Whatever it is, I guess it would be useful for the masses some day.
Plus, as one of the authors and maintainers of the world's first serverless IDE, I have certainly had several chances to put it to good use!
The problem: why AWS CLI is "slow" for me
(Let's just call it "CLI", shall we?)
It's actually nothing to do with the CLI itself; rather it's the fact that each CLI invocation is a completely new program execution cycle.
This means:
python
(and ultimately the OS) has to load the binaries, configs,boto
API definitions and so forth;- the CLI has to initialize itself: load all supported commands definitions, prepare parsers, generate API client classes and so forth
But, as usual, the highest impact comes via network I/O:
- the CLI has to create an API client from scratch (the previous one was lost when the command execution completed)

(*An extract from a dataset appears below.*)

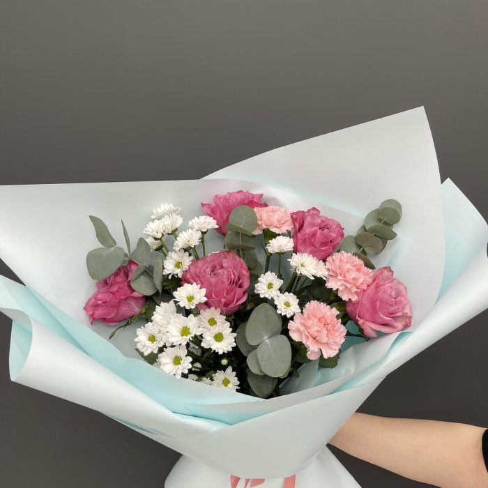 Гвоздики, Кустовые розы, Лизиантусы, Пионовидные розы, Розы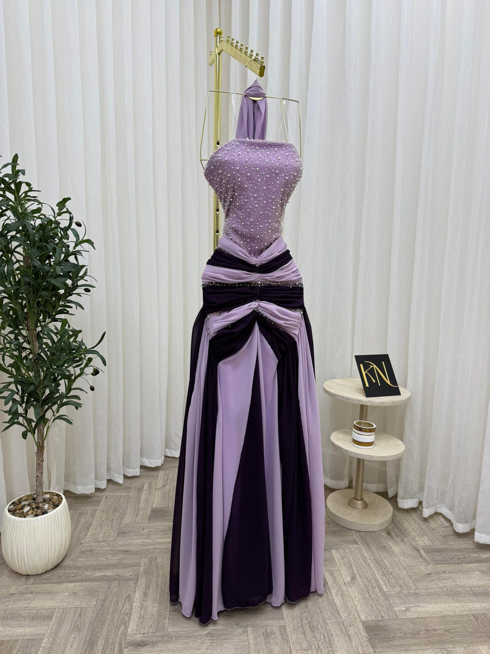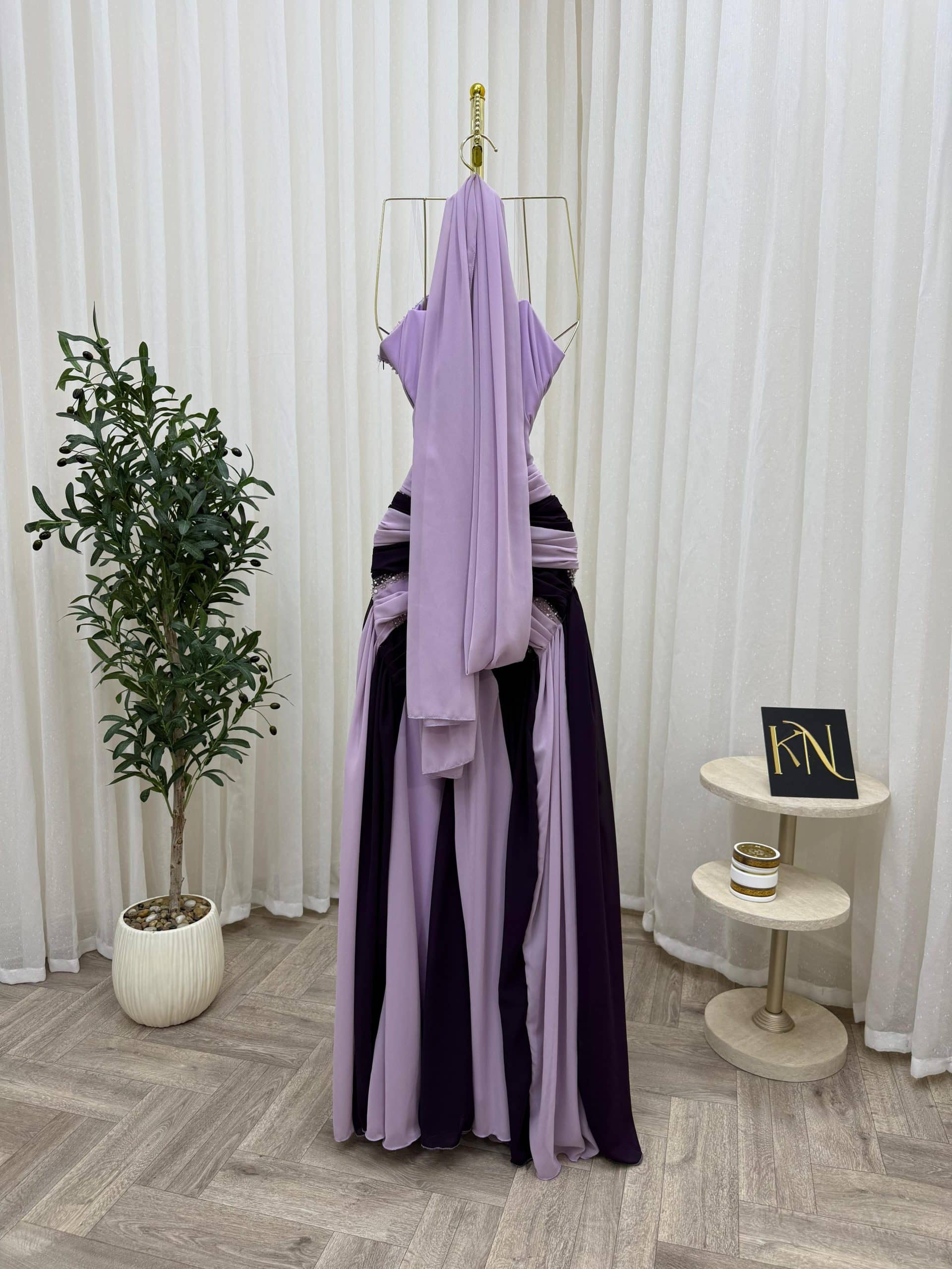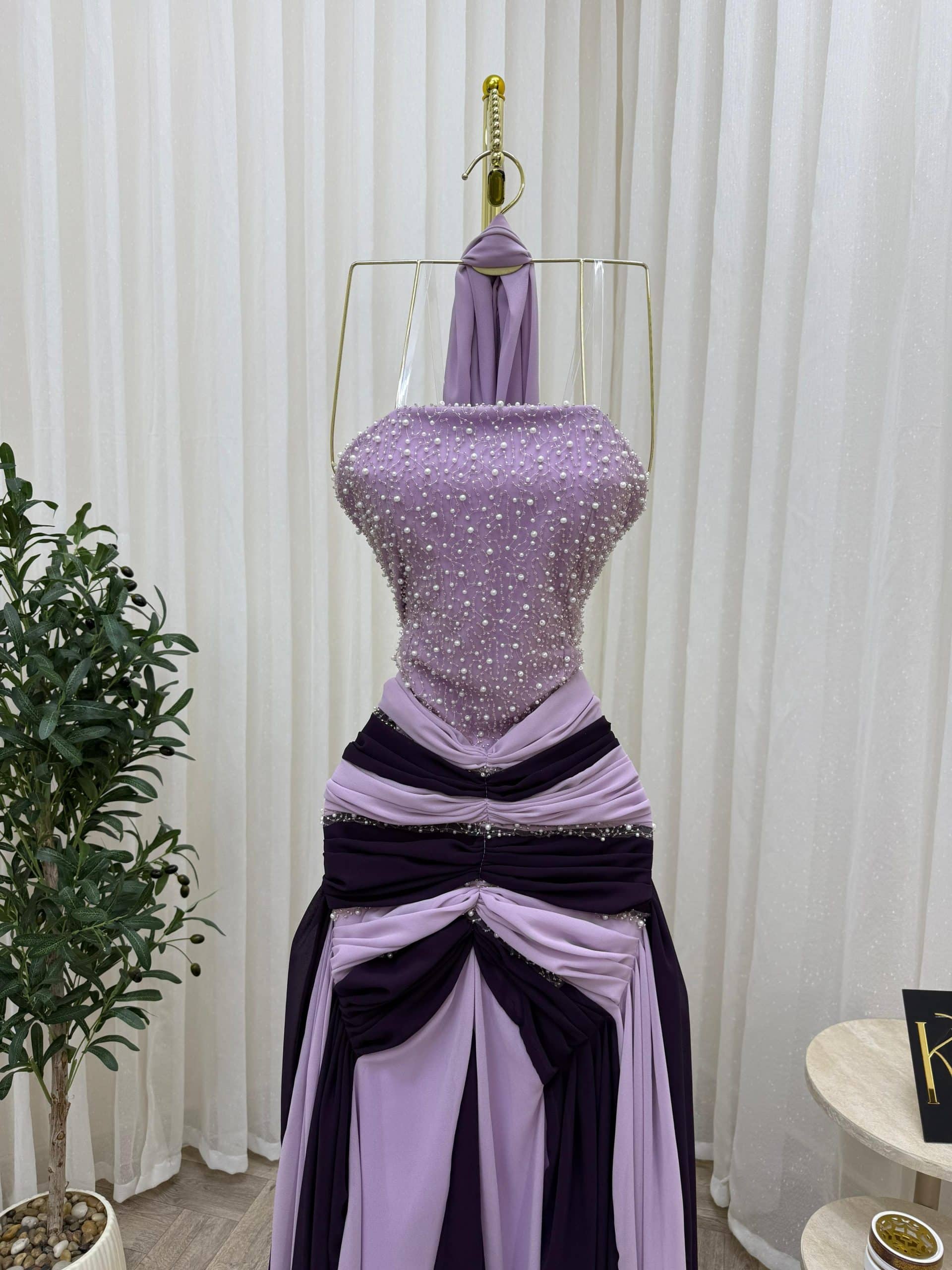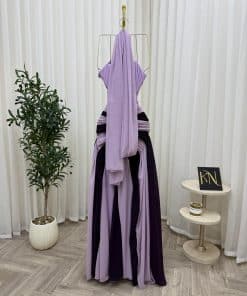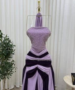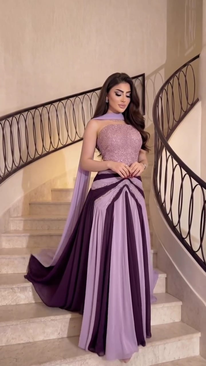 فستان سهرة بتدرجات الموف الفاتح والموف الغامق يمنحك إطلالة أنثوية ناعمة وفاخرة في نفس الوقت، مثالي للمناسبات والحفلات داخل السعودية.

- since the network connection to AWS is managed by the client, this means that each command creates (and then destroys) a fresh TCP connection to the AWS endpoint; which involves a DNS lookup as well (although later lookups may be served from the system cache)
- since AWS APIs almost always use SSL, every new connection results in a full SSL handshake (client hello, server hello, server cert, yada yada yada)
Now, assume you have 20 CloudWatch Log Groups to be deleted. Since the Logs API does not offer a bulk deletion option, the cheapest way to do this would be to run a simple shell script - looping aws logs delete-log-group
over all groups:
for i in $(aws logs describe-log-groups --query 'logGroups[*].logGroupName' --output text); do aws logs delete-log-group --log-group-name $i done
This would run the CLI 20 times (21 to be precise, if you count the initial list API call); meaning that all of the above will run 20 times. Clearly a waste of time and resources, since we were quite clear that the same endpoint was going to be invoked in all those runs.
Try scaling this up to hundreds or thousands of batched operations; and see where it takes you!
And no, aws-shell
does not cut it.
Not yet, at least.
Leaving aside the nice and cozy REPL interface (interactive user prompt), handy autocompletion, syntax coloring and inline docs, aws-shell
does not give you any performance advantage over aws-cli
. Every command in the shell is executed in a new AWS CLI instance - with parsers, command hierarchies, API specs and - more importantly API clients - getting recreated for every command.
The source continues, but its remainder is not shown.